Work to complete:
The response should reproduce exactly the lines from the top of the listing below through the one that contains "Эта футболка немецкого", and nothing else; pictures do not belong in it.

Supplied data:
+-------+

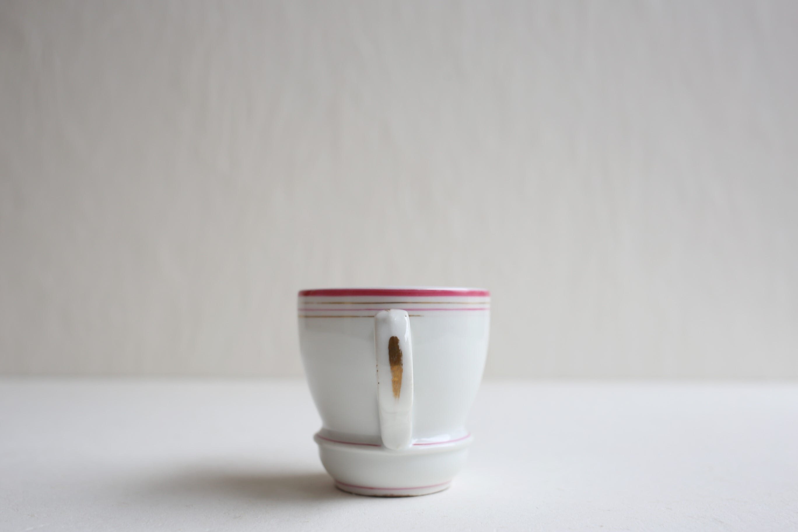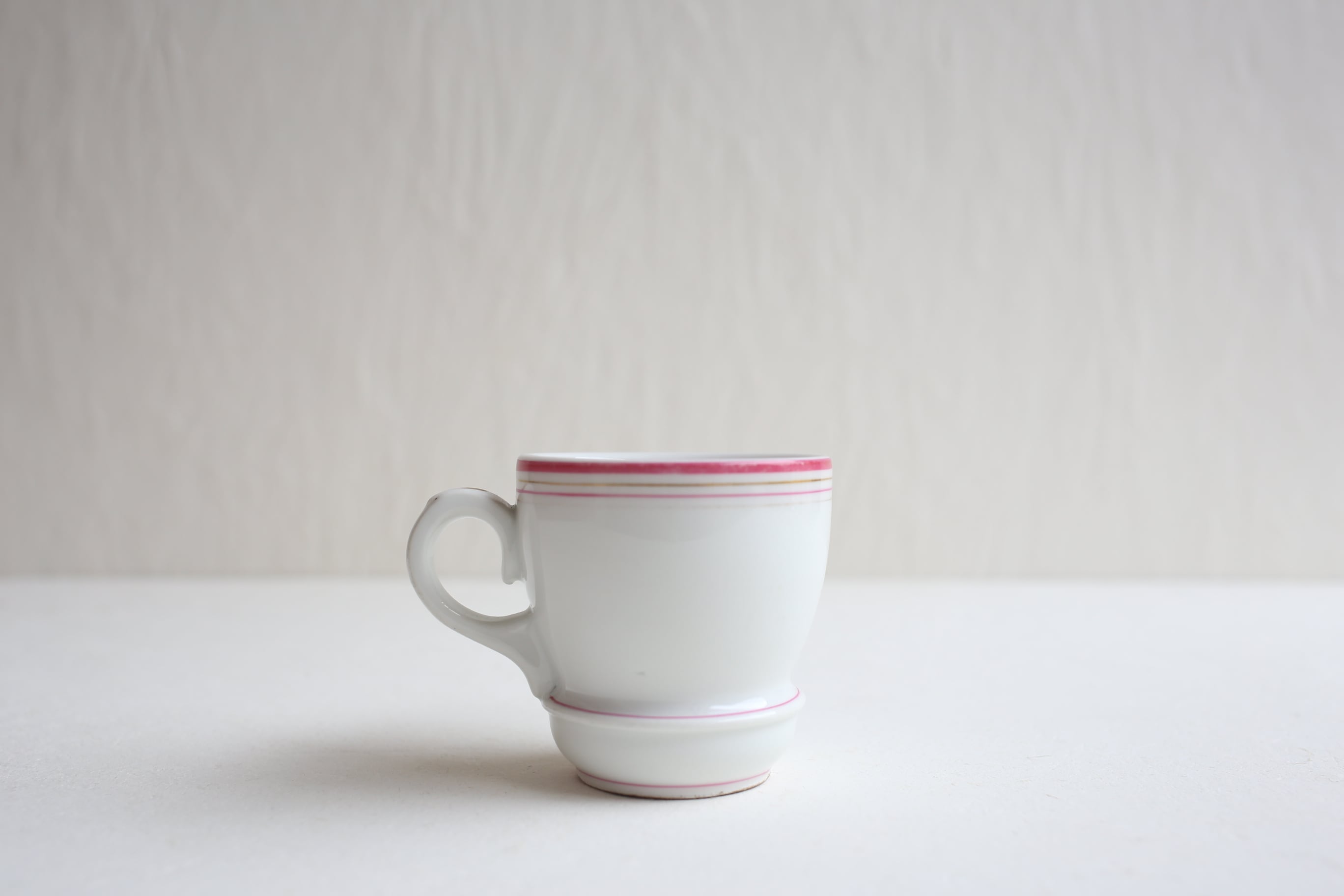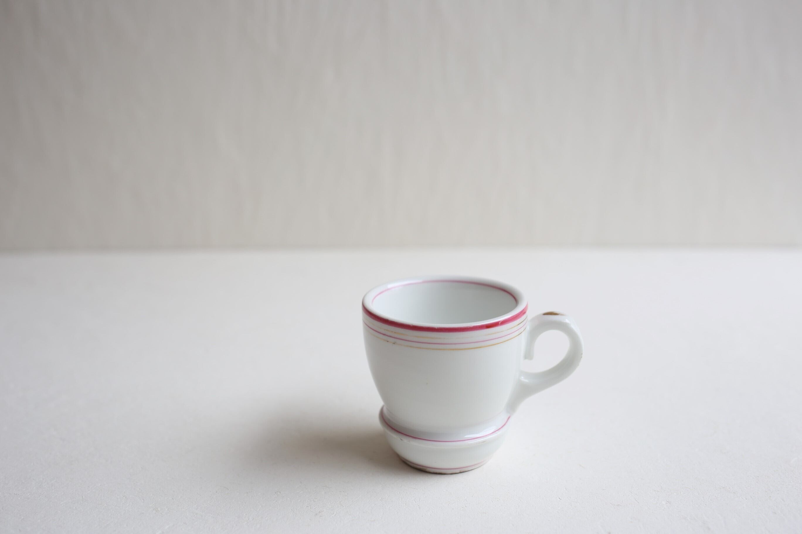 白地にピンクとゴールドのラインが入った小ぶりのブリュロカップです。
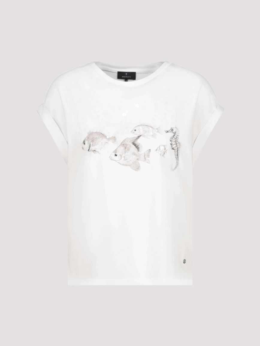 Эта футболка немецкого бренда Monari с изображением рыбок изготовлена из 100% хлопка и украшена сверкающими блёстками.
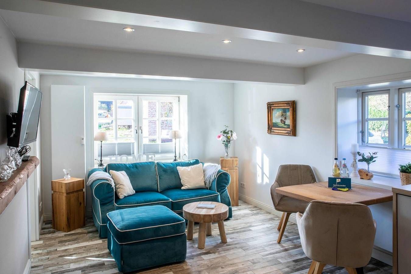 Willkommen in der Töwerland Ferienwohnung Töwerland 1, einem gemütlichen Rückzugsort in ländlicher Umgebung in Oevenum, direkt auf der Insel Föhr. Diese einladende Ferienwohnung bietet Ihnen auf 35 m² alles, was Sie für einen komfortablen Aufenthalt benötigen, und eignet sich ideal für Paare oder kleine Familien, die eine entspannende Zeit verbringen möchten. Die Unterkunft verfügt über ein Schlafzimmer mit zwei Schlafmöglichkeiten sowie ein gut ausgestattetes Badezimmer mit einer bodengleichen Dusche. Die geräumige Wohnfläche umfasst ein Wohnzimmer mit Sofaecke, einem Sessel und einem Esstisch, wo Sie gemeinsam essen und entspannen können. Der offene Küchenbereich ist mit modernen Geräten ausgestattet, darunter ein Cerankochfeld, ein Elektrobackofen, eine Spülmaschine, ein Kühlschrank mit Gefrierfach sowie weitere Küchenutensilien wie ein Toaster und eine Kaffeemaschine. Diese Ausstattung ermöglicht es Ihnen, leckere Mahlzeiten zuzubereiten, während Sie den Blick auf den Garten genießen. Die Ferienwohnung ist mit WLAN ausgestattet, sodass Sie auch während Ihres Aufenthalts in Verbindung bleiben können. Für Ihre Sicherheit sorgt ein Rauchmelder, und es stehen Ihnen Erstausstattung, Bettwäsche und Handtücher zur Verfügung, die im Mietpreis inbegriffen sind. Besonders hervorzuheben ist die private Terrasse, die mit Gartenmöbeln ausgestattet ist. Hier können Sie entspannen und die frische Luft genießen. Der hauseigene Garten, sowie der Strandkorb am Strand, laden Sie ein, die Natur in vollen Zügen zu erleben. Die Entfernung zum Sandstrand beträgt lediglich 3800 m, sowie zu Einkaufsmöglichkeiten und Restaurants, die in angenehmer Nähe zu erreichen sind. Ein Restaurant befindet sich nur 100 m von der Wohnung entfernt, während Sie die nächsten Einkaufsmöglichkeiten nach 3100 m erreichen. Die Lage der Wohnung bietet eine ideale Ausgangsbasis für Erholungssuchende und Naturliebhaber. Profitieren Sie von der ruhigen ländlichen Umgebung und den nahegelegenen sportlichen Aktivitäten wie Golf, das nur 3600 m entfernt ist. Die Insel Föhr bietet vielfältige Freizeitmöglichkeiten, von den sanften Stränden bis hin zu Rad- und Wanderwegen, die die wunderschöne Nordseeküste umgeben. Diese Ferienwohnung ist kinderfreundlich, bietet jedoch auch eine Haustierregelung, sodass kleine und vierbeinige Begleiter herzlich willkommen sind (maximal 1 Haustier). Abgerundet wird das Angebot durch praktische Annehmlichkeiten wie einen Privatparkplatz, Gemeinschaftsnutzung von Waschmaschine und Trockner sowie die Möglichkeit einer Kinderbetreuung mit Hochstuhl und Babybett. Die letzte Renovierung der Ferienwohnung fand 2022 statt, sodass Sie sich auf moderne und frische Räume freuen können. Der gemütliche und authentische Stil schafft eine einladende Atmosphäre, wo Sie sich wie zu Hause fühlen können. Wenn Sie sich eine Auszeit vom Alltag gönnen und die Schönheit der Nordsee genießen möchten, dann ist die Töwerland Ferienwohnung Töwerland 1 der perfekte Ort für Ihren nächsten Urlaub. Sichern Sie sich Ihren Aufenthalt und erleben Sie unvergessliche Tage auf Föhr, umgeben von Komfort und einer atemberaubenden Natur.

+-------+

Answer to the exercise:
 白地にピンクとゴールドのラインが入った小ぶりのブリュロカップです。
 Эта футболка немецкого бренда Monari с изображением рыбок изготовлена из 100% хлопка и украшена сверкающими блёстками.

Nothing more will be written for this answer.